***** Provided entries *****

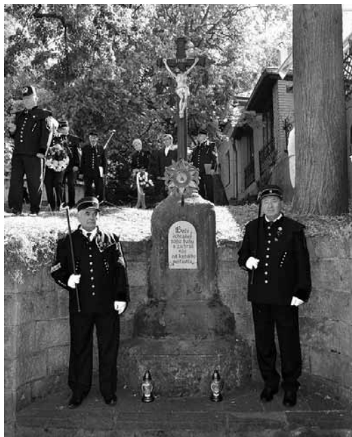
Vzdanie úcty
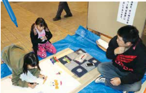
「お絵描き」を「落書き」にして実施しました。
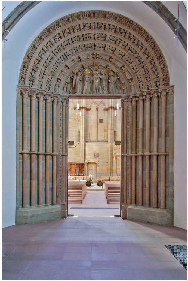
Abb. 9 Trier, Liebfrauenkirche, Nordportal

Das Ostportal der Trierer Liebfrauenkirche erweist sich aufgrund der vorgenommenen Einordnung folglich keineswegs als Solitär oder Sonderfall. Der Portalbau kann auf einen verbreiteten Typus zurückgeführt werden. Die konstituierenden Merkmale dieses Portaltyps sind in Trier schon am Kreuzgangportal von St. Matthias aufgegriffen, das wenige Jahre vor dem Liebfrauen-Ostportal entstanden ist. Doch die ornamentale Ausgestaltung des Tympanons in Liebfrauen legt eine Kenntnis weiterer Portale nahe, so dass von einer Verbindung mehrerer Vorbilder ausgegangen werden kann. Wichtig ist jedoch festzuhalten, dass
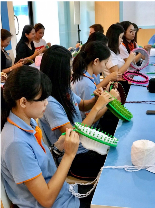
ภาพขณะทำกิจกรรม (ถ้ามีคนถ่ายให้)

*****
***** Provided entries *****

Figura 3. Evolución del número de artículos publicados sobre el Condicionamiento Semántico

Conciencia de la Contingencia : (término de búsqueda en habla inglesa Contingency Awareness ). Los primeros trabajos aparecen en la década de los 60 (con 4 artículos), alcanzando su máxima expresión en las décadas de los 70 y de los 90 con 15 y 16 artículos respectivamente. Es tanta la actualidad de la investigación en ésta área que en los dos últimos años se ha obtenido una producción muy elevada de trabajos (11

*****
***** Provided entries *****

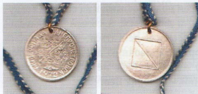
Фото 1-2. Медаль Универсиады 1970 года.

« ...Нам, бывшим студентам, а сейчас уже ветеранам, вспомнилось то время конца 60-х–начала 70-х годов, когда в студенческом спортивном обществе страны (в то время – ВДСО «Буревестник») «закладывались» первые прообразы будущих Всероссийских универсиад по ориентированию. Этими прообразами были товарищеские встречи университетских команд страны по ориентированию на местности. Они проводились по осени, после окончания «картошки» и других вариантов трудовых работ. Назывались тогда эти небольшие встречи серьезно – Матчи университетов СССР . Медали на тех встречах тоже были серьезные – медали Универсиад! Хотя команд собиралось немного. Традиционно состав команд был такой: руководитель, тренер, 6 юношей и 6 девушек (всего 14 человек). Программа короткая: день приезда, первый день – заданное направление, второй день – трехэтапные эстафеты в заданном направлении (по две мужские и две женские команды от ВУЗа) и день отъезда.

*****

Find "artículos" in the preceding records. Copy each line that holds it.

Figura 3. Evolución del número de artículos publicados sobre el Condicionamiento Semántico
Conciencia de la Contingencia : (término de búsqueda en habla inglesa Contingency Awareness ). Los primeros trabajos aparecen en la década de los 60 (con 4 artículos), alcanzando su máxima expresión en las décadas de los 70 y de los 90 con 15 y 16 artículos respectivamente. Es tanta la actualidad de la investigación en ésta área que en los dos últimos años se ha obtenido una producción muy elevada de trabajos (11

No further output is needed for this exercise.